*** Opening of INPUT DATA ***

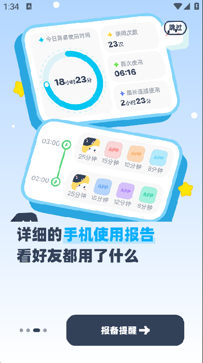 2.设备状态与使用分析:同步对方手机电量、网络状态、存储情况,生成屏幕使用时长、解锁次数及APP使用记录报告,助力互相监督健康用机。
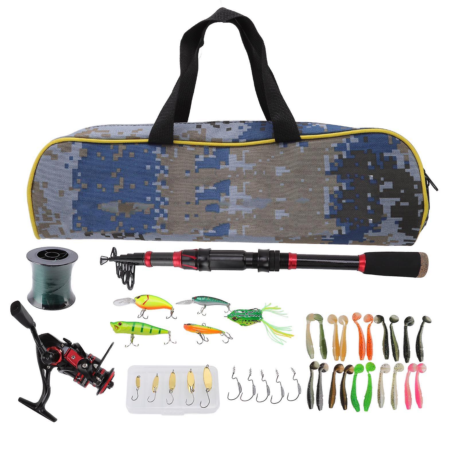 1、Retractable Length: This fishing rod has a retractable design so you can adjust its length to fit in your bag. It is portable enough to carry around. 2、Carrier Bag: This fishing rod comes with a carrier bag that makes it easy to carry the rod and all the other accessories with you when you are out fishing. It can also protect the rod and fishing gear from damage. 3、Multiple Accessories: This is a fishing rod and reel combo kit that includes a variety of different lure accessories for different fishing situations. It can meet your multiple fishing needs. 4、Both for Novice and Professional: The complete fishing kit is ideal for novices and professionals alike. It is lightweight and portable, making it very easy to carry. 5、Nice Gift: It is the best gift for fathers, sons, husbands, boyfriends on holidays and birthdays. It can bring you and your family a better fishing experience. 1 x Fishing Rod1 x Fishing Rod Storage Bag1 x Fishing Reel20 x Soft Bait5 x Fake Bait5 x Fish Hooks5 x Sequin Hooks1 x Sequin Hook Storage Box1 x Fishing Line1 x Fishing Tackle Bag Item Type: Fishing Rod KitMaterial: Carbon, Wood ChipsWeight: Approx. 890g/ 31.39ozSize:Rod Full Length: 2.1m/ 82.68inRod length after shrinkage: 38.5cm/ 15.16inLine: 100m/3937inRotational Speed Ratio: 5.2:1Winding Volume: 0.22mm-180m 0.28mm-110m 0.30mm-90m
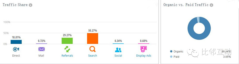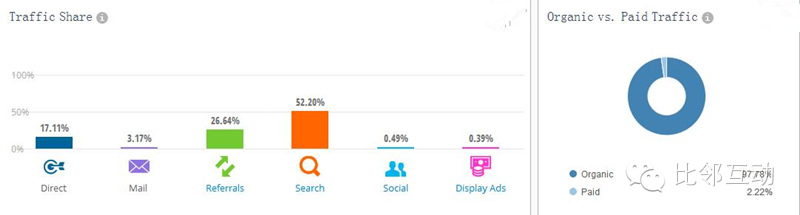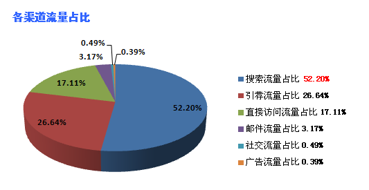 其中直接访问流量占比17.11%,社交流量占比0.49%,搜索流量占比52.22% ,引荐流量占比26.64%,邮件流量占比3.17%,广告流量占比0.39%
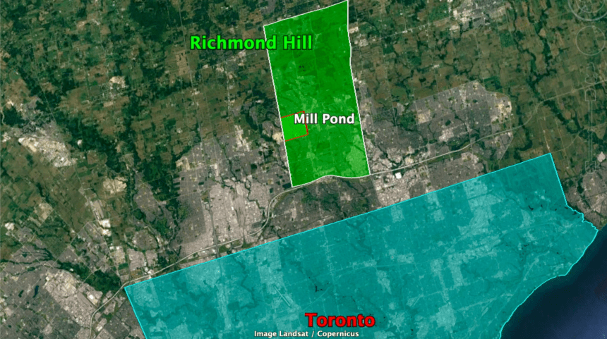 Mill Pond 是列治文山西部中间位置的一个社区。社区南北夹于 Major Mackenzie 与 Elgin Mills,东西夹于 Yonge 与 Bathurst 之间,面积约4平方公里。社区的历史可追溯到19世纪30年代,这在加拿大自然算得上历史文化遗产了。1835年,一个名叫John Lanstaff 的人带着他的家人来到了Mill Pond 一带定居,在 Don River 的支流上挖了一个水塘,筑了一个大坝,用水作动力修建了一个锯木厂。Mill Pond 这个名字也由此而来。从那以后,星换斗移,John Lanstaff 与他的伙计们在此地辛勤劳作,繁衍生息,逐渐形成了小有规模的 Mill Pond 社区。
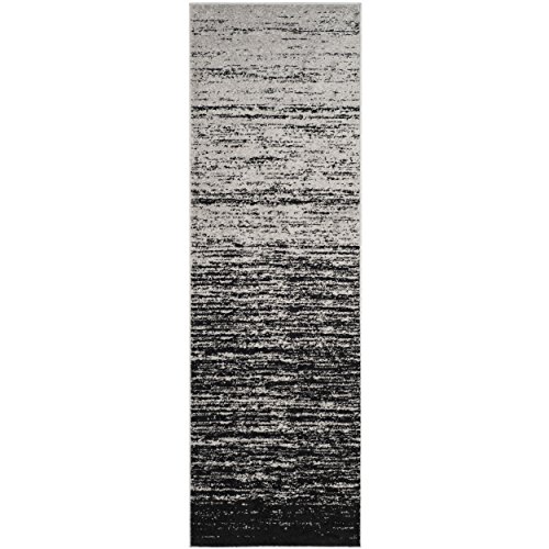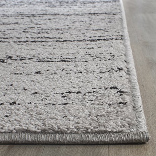 Make a decorative statement with this effortlessly modern rug from Safavieh’s Adirondack collection. A subtle washed effect gives the rug character and an impeccably relaxed yet intricate appearance. Striated lines of silver and black shades create a gradient effect that will seamlessly work alongside a multitude of colors and prints for a true contemporary feel.
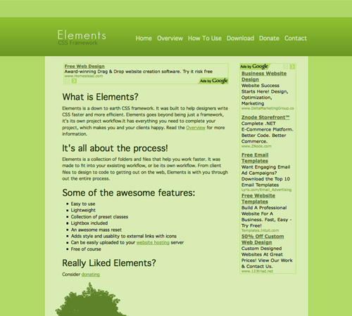 What it comes with: The download package includes folders for all of the structural elements of Elements, CSS and JavaScript files, an index.html file, and image files necessary for the layout. No documentation is included, though the files are all well-commented.
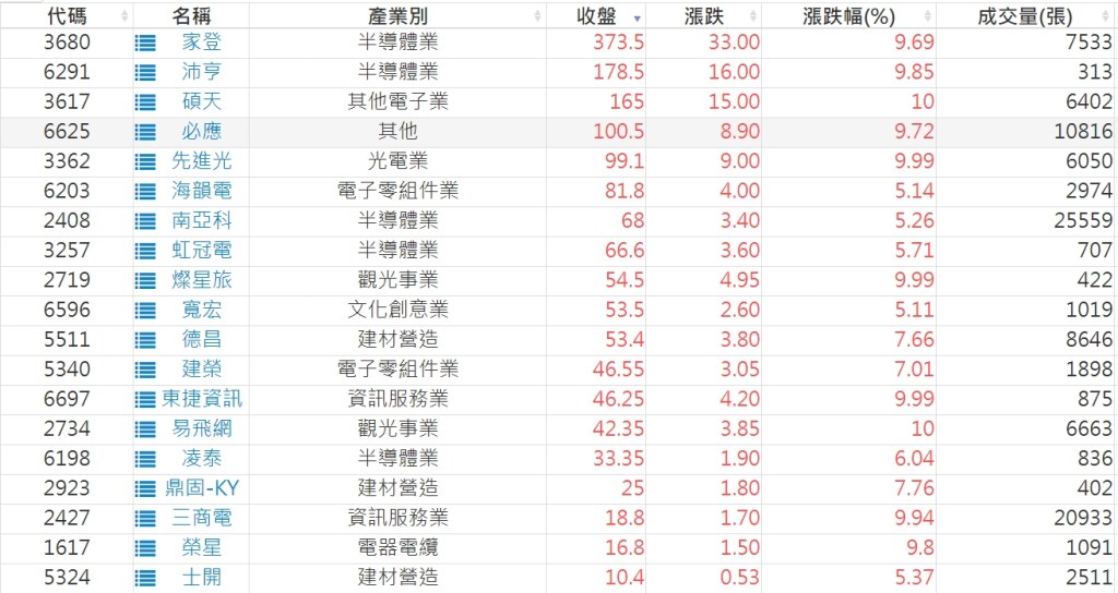 2023-0517股價創20日新高爆量上漲股 2023-05-18 股狗網小編 選股條件 發表留言 投資達人APP上線囉!!!『安裝APP』: 利用股狗選股的選股條件可以【挑選突破20日新高,爆量上漲起漲點股票】 1.股狗選股 https://www.stockdog.com.tw 2.選股條件: a.收盤價創20日新高 b.當日漲幅 > 2% C.成交量大於5日均量2倍 免責宣言 本網站文章所提供資訊僅供參考,並無任何推介買賣之意,投資人應自行承擔交易風險。 分享此文: 分享到 X(在新視窗中開啟) X 分享到 Facebook(在新視窗中開啟) Facebook 喜歡 正在載入...
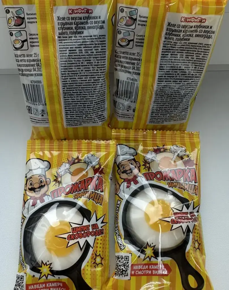 - желе со вкусом клубники и взрывной карамели со вкусом клубники, яблока, винограда, манго, голубики торговой марки «Конфитой»

*** Close of INPUT DATA ***

- [WHAT YOU SHOULD DO] With pictures removed, write out exactly each line of the entries from the first through the line that holds "1、Retractable Length: This".

- [RESULT]
 2.设备状态与使用分析:同步对方手机电量、网络状态、存储情况,生成屏幕使用时长、解锁次数及APP使用记录报告,助力互相监督健康用机。
 1、Retractable Length: This fishing rod has a retractable design so you can adjust its length to fit in your bag. It is portable enough to carry around. 2、Carrier Bag: This fishing rod comes with a carrier bag that makes it easy to carry the rod and all the other accessories with you when you are out fishing. It can also protect the rod and fishing gear from damage. 3、Multiple Accessories: This is a fishing rod and reel combo kit that includes a variety of different lure accessories for different fishing situations. It can meet your multiple fishing needs. 4、Both for Novice and Professional: The complete fishing kit is ideal for novices and professionals alike. It is lightweight and portable, making it very easy to carry. 5、Nice Gift: It is the best gift for fathers, sons, husbands, boyfriends on holidays and birthdays. It can bring you and your family a better fishing experience. 1 x Fishing Rod1 x Fishing Rod Storage Bag1 x Fishing Reel20 x Soft Bait5 x Fake Bait5 x Fish Hooks5 x Sequin Hooks1 x Sequin Hook Storage Box1 x Fishing Line1 x Fishing Tackle Bag Item Type: Fishing Rod KitMaterial: Carbon, Wood ChipsWeight: Approx. 890g/ 31.39ozSize:Rod Full Length: 2.1m/ 82.68inRod length after shrinkage: 38.5cm/ 15.16inLine: 100m/3937inRotational Speed Ratio: 5.2:1Winding Volume: 0.22mm-180m 0.28mm-110m 0.30mm-90m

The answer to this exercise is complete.